Demand for organic food continues to vastly outstrip production growth. For growers and investors, the widening gap translates into big premiums for certified crops – and more stable prices, delegates heard at the Agri Investor Forum on Wednesday.
If there was one organic product you could invest a lot in and still sleep well at night, it would probably have to be something most people have for breakfast.
Or at least that’s the view of Craig Wichner, managing partner of Farmland LP. “About 84 percent of US households buy organic food. And the first product they buy is organic milk, to feed their organic baby,” he said on a panel at Agri Investor’s Chicago Forum, being held this week.
His point was stark: demand for organic products is running miles ahead of supply – and it’s about to get worse. Consumption has been growing at a double-digit rate for the last 25 years; Amazon’s purchase of Whole Foods suggests the trend may well accelerate.
Yet organic operations occupy only 1 percent of US farmland, and certifications are growing at ‘only’ 8 percent a year.
As a counterpoint, Jay Pierrepoint, principal and president of asset management at Equilibrium Capital, noted that 92 percent of Walmart shoppers say they want to buy more organic food but can’t afford it.
He said the industry has to learn to produce organic food at the right price point, which he argued was largely a function of scale of operations and labor availability. On the latter, Pierrepoint noted that costs had jumped by 50 percent in recent years, owing to migrant workers returning to their home countries amid a tougher stance against immigration in Washington.

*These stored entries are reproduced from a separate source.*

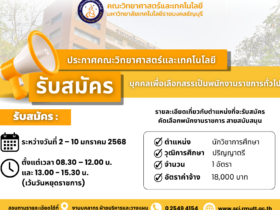 คณะวิทยาศาสตร์และเทคโนโลยี มทร.ธัญบุรี รับสมัครบุคคลเพื่อเลือกสรรเป็นพนักงานราชการ สายสนับสนุน ตำแหน่งนักวิชาการศึกษา จำนวน 1 อัตรา
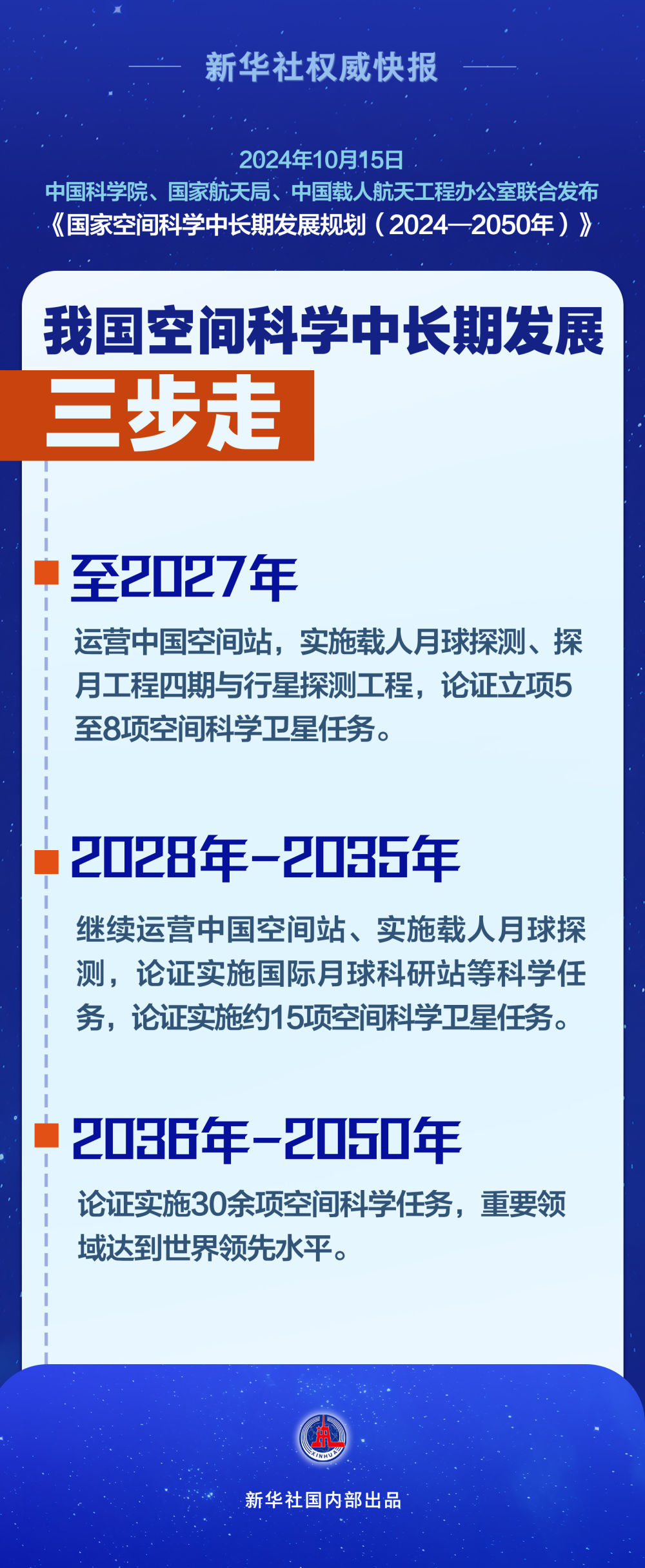 中國科學院、國家航天局、中國載人航天工程辦公室10月15日聯(lián)合發(fā)布《國家空間科學中長期發(fā)展規(guī)劃(2024—2050年)》。
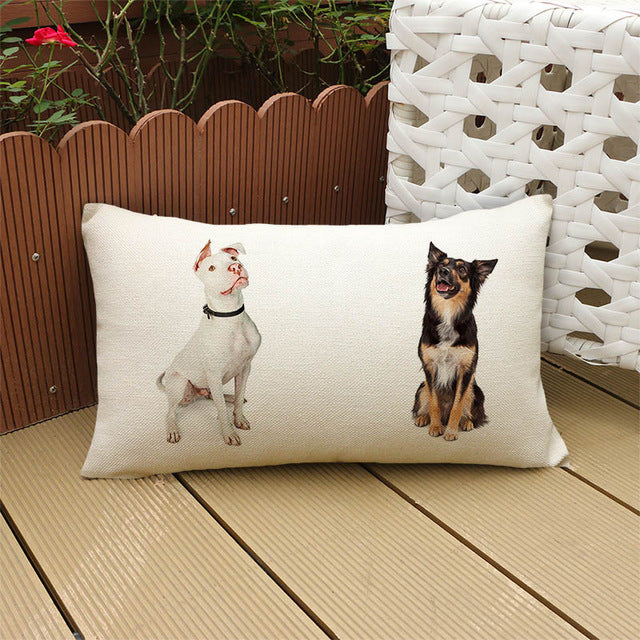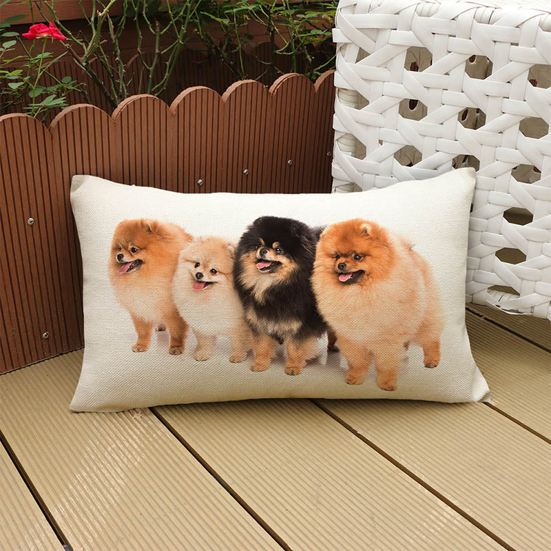 A cute dog print. They are handmade and come in a square shape with a size of 30x50cm. They can be used for decoration on a sofa, seat, chair or in a car. They are made of linen/cotton material and are customizable.
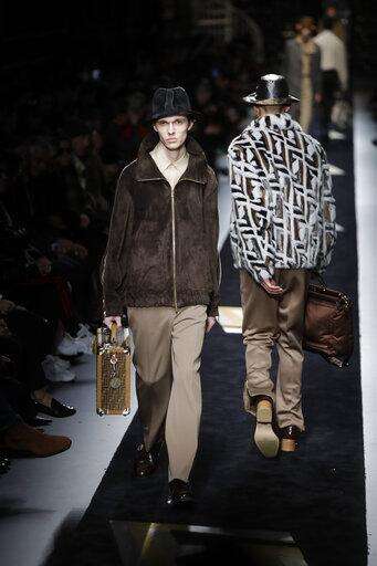 Models wear creations as part of the Fendi men's Fall-Winter 2019-20 collection, that was presented in Milan, Italy, Monday, Jan.14, 2019. (AP Photo/Luca Bruno)
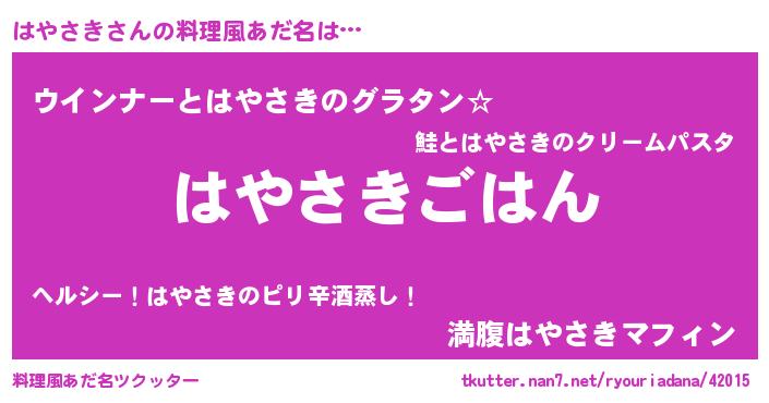| 意味不明あだ名 | 『めかぶ科はやさき属』『自称はやさき』 |
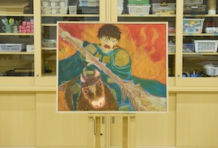 戦争によって多くの命の火が消えても、想いは消えず、受け継がれていく――。その強さを表現しました。炎の中を進む姿には、未来へ想いをつないでいく力を重ねています。制作では、アクリル絵の具の上からクレヨンを重ねることで、質感と色の奥行きを追求しました。肌には青を用い、馬の毛も多彩な色で描くことで、自分の感覚を自由に表現しています。

Yet for farmers and their funders, there was no doubt about the opportunity. Organic blueberries, Wichner said, tend to command premiums of 300-350 percent; for butternut squash, he reckoned premiums stood at around 200 percent.
But perhaps the greatest draw lies elsewhere. Conventional crops, Wichner said, have often suffered from very volatile market prices; organic prices have been much more stable.
“Extreme demand pressures mean it’s the middleman that gets squeezed,” he said. “Growers end up capturing more of the value.”